Box 3.5. The price of precision

Although potent and efficacious, biologics are extremely expensive due to complex biomanufacturing procedures that must be strictly adhered to for quality and safety assurance. Where the average drug therapy costs $1 per day,26 biologic treatments cost $22/day (McCamish and Woollett 2011). Apply this to chronic diseases, and patients are faced with astronomical medical expenses. Herceptin treatment for breast cancer costs ~$37,000 per year (McCamish and Woollett 2011). Patients with the chronic gastrointestinal disorder, Gaucher disease, are faced with mAb treatment costs of ~$200,000 per year, every year, for the rest of their lives (McCamish and Woollett 2011).

How can this situation be rectified? Addressing bottlenecks in the R&D/approval pipeline will reduce the price of all kinds of therapeutics.
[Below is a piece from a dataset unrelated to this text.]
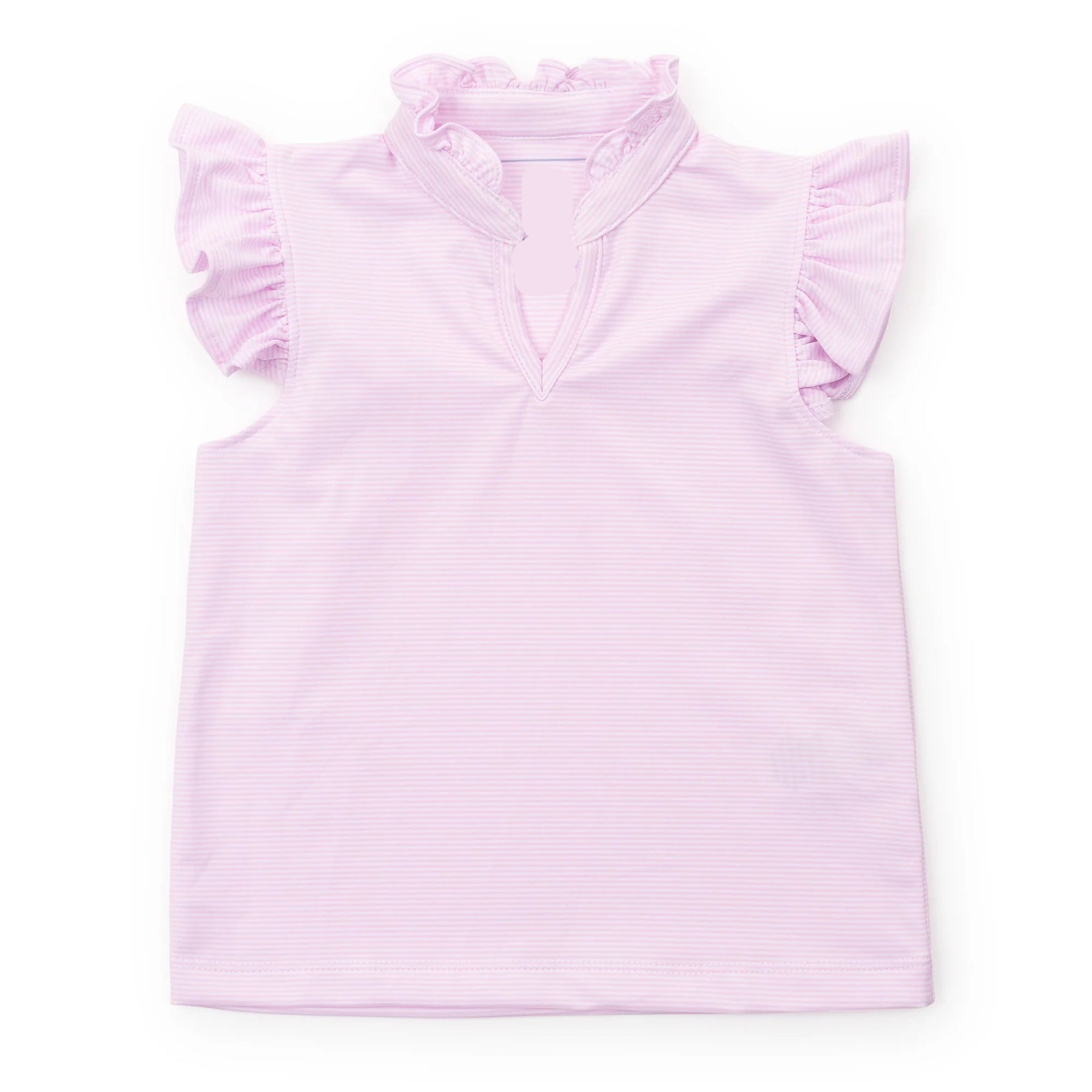 Designed for active girls who refuse to compromise on style, the Pink & White Stripes Ellie Performance Top combines athletic functionality with playful details. Sleeveless construction and moisture-wicking fabric keep her cool during sports, practice, and weekend adventures, while charming ruffles at the collar and sleeves add a touch of personality. Perfect for game day, school events, or casual outings—this versatile top transitions seamlessly from the field to everyday wear. Built to move with her, it's the go-to piece for young girls who want performance and flair.

A greater understanding of biologics and their intended (and unintended) actions will promote the development of lead-on biosim- ilar—or even biobetter—therapeutics with lower production costs and enhanced efficacy. Fast-tracked federal approval processes will make the development of biosimilars more attractive to biopharmaceutical companies. Perhaps even the development of synthetic organisms, with simplified regulatory and metabolic pathways, may offer streamlined production protocols that translate to lower patient costs.

The rigor of the drug discovery pipeline necessitates that a series of stakeholders tackle different parts, each doing their own specialized job to move candidates forward. Targets, hits, and leads are primarily the work of academia and small biotech. Much of the initial drug discovery costs are supported by public and private grants to individual principle investigators.27 Promising leads may be picked up by big biotech and large research foundations at the level of animal and human clinical trials. Collaboration between these groups is critical for success.

In addition to better communication between stakeholders, the Phase II-associated bottleneck may be overcome by improved preclinical models of disease. Computational, tissue culture, and animal models are supported by system-based approaches, those that are informed by pharmacogenetics and leverage ‘omic, transgenic, and stem cell technologies. The introduction of killer experiments, intended to disqualify early leads based on toxicity or limited efficacy, will support the pursuit of higher quality—not quantity—leads. Doing so will reduce R&D costs to drug developers; savings that will trickle down to consumers. Furthermore, the development of better diagnostics will support Phase II efforts by identifying appropriate subjects for trials and more accurately assessing the impact of treatments. Taken together, Next Gen biotechnologies have the potential to transform the current state of drug discovery.

Box 3.6. Challenge application exercise: Product portfolios

Visit the websites of five leading U.S. biotech companies—Gilead Sciences, Amgen, Biogen, Celgene, and Regeneron. What are their headline biopharmaceuticals? What treatments are in the R&D pipeline? Categorize each biologic as a purified protein, mAb, gene therapy, or cell/tissue replacement. Do these companies mainly address infectious, genetic, or multifactorial diseases? How do their product portfolios align with what you’ve learned about blockbuster drugs and orphan diseases? Once you have a feel for these industry leaders, visit the website for a premiere philanthropic organization—e.g., The Bill and Melinda Gates Foundation. How do the goals, projects, and activities differ from those of the commercial sector?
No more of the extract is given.